Mutasyonlu virüs nasıl tespit edilir?
Bilim Kurulu Üyesi Turan, mutasyonlu virüsün belirlenme sürecine ilişkin ise 81 ilde laboratuvarlarda yapılan analiz ile mutasyonlu virüs olup olmadığının tespit edildiğini söyledi.
Turan, "Aslında bu da benzer şekilde bir PCR testi. Bunun çok büyük bir farklılığı yok. Sadece mutasyonel virüsü tanımlamak için de özel bir takım çalışmalar yapılıyor. Laboratuvarda yapılan işlemlerle virüsün mutasyonlu olup olmadığı ortaya konabiliyor. Mutasyona uğramış virüs çok önemli bir konu. Aslında bu dünyanın yaşadığı bir sorun. Mutasyonlu virüsün hastalık şiddetinin de yüksek olduğunu öğrenmek bu noktada bizim tedbirlere daha sıkı bağlanmamız gerektiğini gösteriyor. Biz tam da aşılamanın başladığı bir dönemde tedbirleri de elden bırakmayarak aslında dünyaya örnek olabiliriz, bu noktada mutasyonlu virüsün yayılmasına engel olarak" dedi.
Aşılama hastalığın bulaşıcılığını azaltır mı?
Son dönemde vaka sayılarındaki artışa dikkat çeken Turan şunları söyledi:
"Tedbirin elden bırakılmaması gerektiği dönemi yaşıyoruz aslında. Aşılama sürecinin başlaması ile birlikte halkımız da belki bir miktar rahatlama yaşıyor olabilir. Fakat bu asla güvenilebilecek bir şey değil. Çünkü aşılamak hastalığın bulaştırıcılığının geçeceği anlamına gelmez. Sadece aşılanan kişiler hastalığı hafif atlatırlar. Aşıda da beklentimiz bu yönde zaten. Hele de son günlerde mutasyonun ortaya çıkışıyla birlikte İngiltere’de yaşanan hadiseler, Güney Afrika varyantı önemli gelişmeler olarak karşımıza çıkıyor. Önümüz bahar ve bahar ayları çok tehlikeli. Hepimiz de sıkıldık. Fakat bahar aylarında daha da bir dikkati elden bırakmamak gerektiğini söylemeliyim. Rehavete kapılma durumu bizim için çok sıkıntılı olacak. O nedenle mutasyon varken ve bu durum yaşanmaya halen devam ederken bizim de daha dikkatli olmamız gerekiyor."
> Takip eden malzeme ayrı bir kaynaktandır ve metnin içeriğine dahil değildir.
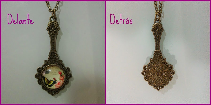 Este camafeo tiene una forma muy original, lleva la imagen de una mariposa, y por detrás también es muy bonito.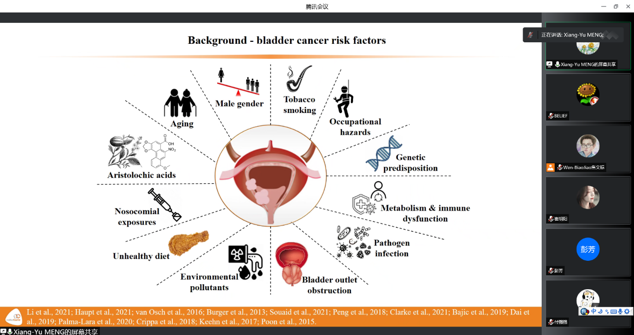 邀请,孟详喻博士做了题为“Molecular biology and etiology of bladder cancer: APOBEC, tobacco, and genetic variability”的学术报告。孟博士主要研究方向为通过基因组学、单细胞测序等组学研究手段探究肿瘤的发生、异质性和演化的分子机制,以及开发基于液体活检的肿瘤无创检测方法。会议吸引了学院众多老师和同学的参与。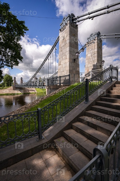 Город Остров, Цепной мост через реку Великая. Псковская область, Россия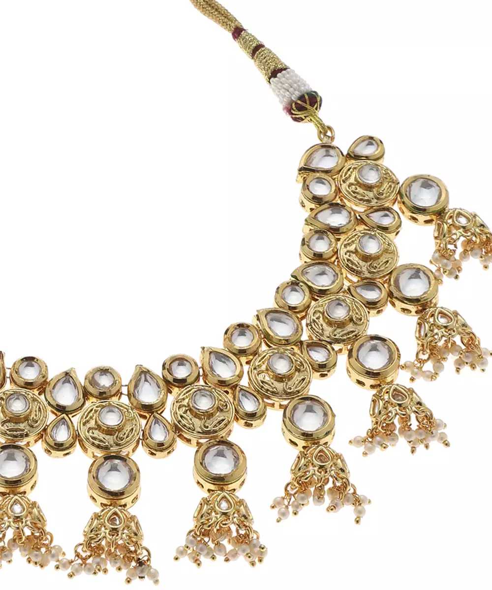 Gold Kundan Necklace Set Colour: Gold Material: Metal Components: 1 Necklace / 1 Pair Of Earring / 1 Maangthika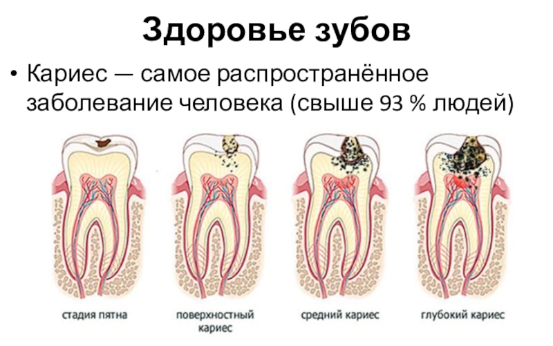 Кариес — самое распространённое заболевание человека (свыше 93 % людей)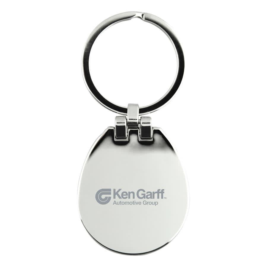 The Westfield Keychain features a polished metal design with a leather-like front and a sleek polished metal back. Customisation options include printing on the front leather side or a laser-engraved logo on the reverse, making it a sophisticated and versatile promotional item.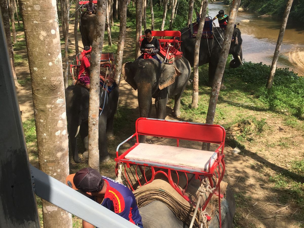 プーケットにもパンガーにも象乗り場は多くございますが、ここの象使いは象の頭の上にじかに乗せてくれたり、写真もたくさん撮ってくれたりするようです。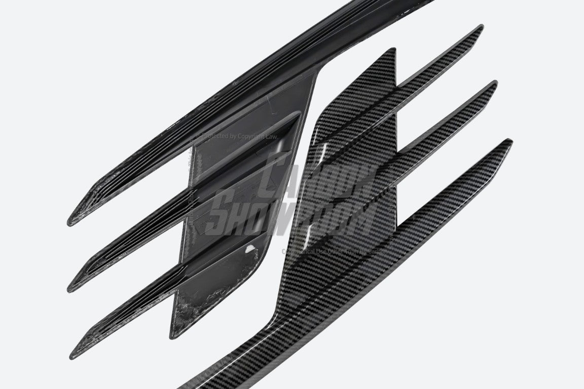 FRP is NOT Carbon Fiber and is a composite material of carbon polymers and fiberglass. Coming in a fresh sanded and primed finish, FRP is ready for paint or wrap! Carbon Fiber, depending on the brand and part, can be offered in Pre-Preg or Vacuum Carbon. Carbon Fiber is a woven pattern of carbon fibers, standard in a 3k weave.

Koronavirüs mutasyona uğramaya devam edecek mi?
Sağlık Bilimleri Üniversitesi Rektör Yardımcısı olan Enfeksiyon Hastalıkları ve Klinik Mikrobiyoloji Uzmanı Prof. Dr. Kemalettin Aydın son günlerde yaşanan mutasyonla ilgili, “Virüsün, hızlı bulaş yeteneği kazandığını biliyoruz. Bu, aynı zamanda da hızlı mutasyonu getirir. Hızlı mutasyonun sonuçları, aleyhimizde olduğundan çok lehimize olabilir” dedi.
Koronavirüste görülen mutasyonlar yeni değil. Aslında virüs ortaya çıktığı ilk günden bu yana mutasyonlar sürüyor. Prof. Dr. Aydın, mutasyonun bundan sonra da devam edeceğini söyledi ve sözlerini şöyle sürdürdü:
“Şu ana kadar virüsün 5 bin civarında mutasyonu var. Bu konuştuğumuz 3 tanesi önemli değişiklikler yapıp, hastalığın seyrini değiştirdiği için üzerinde çok tartışıyoruz. Virüsün şu anda insandan insana bulaşının arttığını iddia ediyoruz. Öyle olursa, yani virüs ne kadar çok insan organizmasıyla karşılaşırsa, o kadar çok immün mekanizmasıyla karşılaşacak. Aynı zamanda aşı ile oluşmuş savunma hücreleri ile de karşılaşacak. Her direnç oluşturan mekanizmayla karşılaştığında, yeni bir mutasyona uğrayacak. Yani artan mutasyonun, daha çok lehimize sonuç vermesini bekliyoruz.”
Mutasyon sonucu yeni bir koronavirüs türü oluşabilir mi?
Prof. Dr. Kemalettin Aydın “İleride bir mutasyon olup, COVID-21 gibi başka bir virüs olup karşımıza gelebilir mi? Aşının oluşturduğu savunma hücrelerinden ve hastalığı geçirenlerin oluşturduğu savunma hücrelerinden kaçan ve yeniden hastalık yapabilen bir tip olabilir mi? Olabilir; bu bir endişedir. Bu yönden yakın takip etmek lazım. Şu ana kadar olan mutasyonların, hazırlamış olduğumuz savunma sistemlerinden kaçan bir durumu yok. Ama virüslerin hayat hikayesinde bu ihtimal hep söz konusu.”